Politica

Le capriole dei Cinquestelle per mascherare il nuovo condono

Arriverà con la legge di Bilancio esarà solo per gli evasori «poveri»

Gian Maria De Francesco

Roma «Gli evasori ringraziano per un condono, l'81esimo dall'Unità d'Italia, che rappresenta l'ennesimo sfregio ai contribuenti onesti. Malfattori del fisco si ritrovano così il cadeau di una totale impunità per tutte le loro malefatte». Sono passati quattro anni ma sembra trascorsa un'era geologica dal 18 ottobre 2014 allorquando i deputati Cinque stelle protestavano contro il governo Renzi per l'introduzione della voluntary disclosure, la procedura per denunciare i beni detenuti all'estero e non dichiarati al Fisco con uno sconto su sanzioni e interessi.

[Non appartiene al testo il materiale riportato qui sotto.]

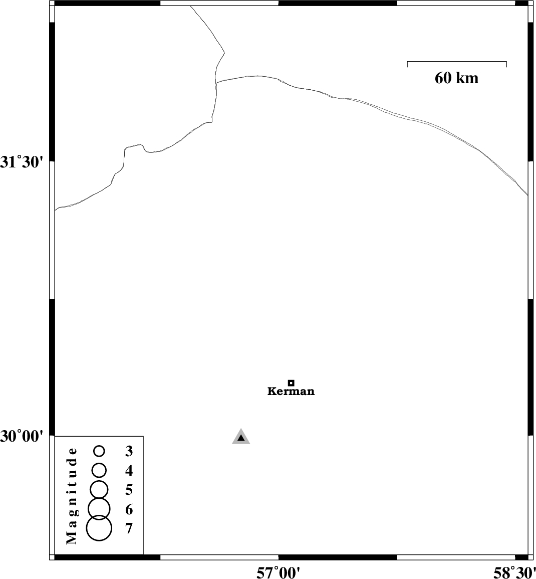 | 2011/04/30 | 08:55:13.2 | 13:25:13.2 | 30.84 | 57.08 | 14 | ML:3.7 | Kerman Province, 49 km East of Zarand |

Ora la musica è cambiata perché M5S governa con la Lega e quest'ultima non intende rinunciare alla pace fiscale, cioè a condono tombale per estinguere le pendenze con le Entrate e con la Riscossione. «Il saldo e stralcio era anche nel programma del M5S e dice che le tasse si devono pagare, ma se a un certo punto tra le parti più deboli della società c'è chi non è riuscito a pagare ed è finito nel vortice Equitalia-Agenzia delle Entrate che non gli permette di ripartire, il principio saldo e stralcio gli dice questo: Chiudiamola così con un forfettario e puoi ripartire». Il vicepresidente del Consiglio, Luigi Di Maio, ieri su La7 ha spiegato così la misura che dovrebbe essere varata con il collegato fiscale alla legge di Bilancio 2019, precisando che non è un condono perché «non riguarda i grandi evasori e i potentati del Paese come lo scudo fiscale che serviva a far rientrare i soldi della mafia al 5%, serve ad aiutare la gente che è rimasta sul campo».

Più che una doppia morale è un vero e proprio caso di disturbo bipolare traslato a livello politico. Il Movimento, infatti, è sempre stato molto ambiguo sulla questione: se i problemi con il Fisco attengono a un privato cittadino a basso reddito o a una pmi, il cattivo è lo Stato. Se, viceversa, a restare intrappolata è una persona facoltosa o una grande impresa, allora si ha a che fare con eversivi evasori.

Basti pensare all'attuale viceministro dell'Economia, Giulia Grillo che in piena stesura del contratto di governo tuonava: «Non si farà mai un condono, non è il bene della politica». Basta farlo diventare un «saldo e stralcio» e il condono diventa la bella politica. D'altronde, è anche una necessità oggettiva quella di incrementare le entrate per finanziare temporaneamente, trattandosi di una tantum, reddito di cittadinanza o riforma Irpef. Secondo i primi calcoli effettuati al Tesoro, si potrebbero ottenere circa 3,5 miliardi, un valore ben al di sotto dei 60 miliardi in due anni teorizzati dalla mente economica della Lega Armando Siri. Anche perché sarebbe intenzione non sovrapporre il condono con la rottamazione del governo Gentiloni.

Resta un dato di fatto: c'è da aspettarsi di tutto da un partito fondato da un comico che ha sempre lanciato anatemi contro gli evasori dopo aver aderito ai condoni del 2002 e del 2003.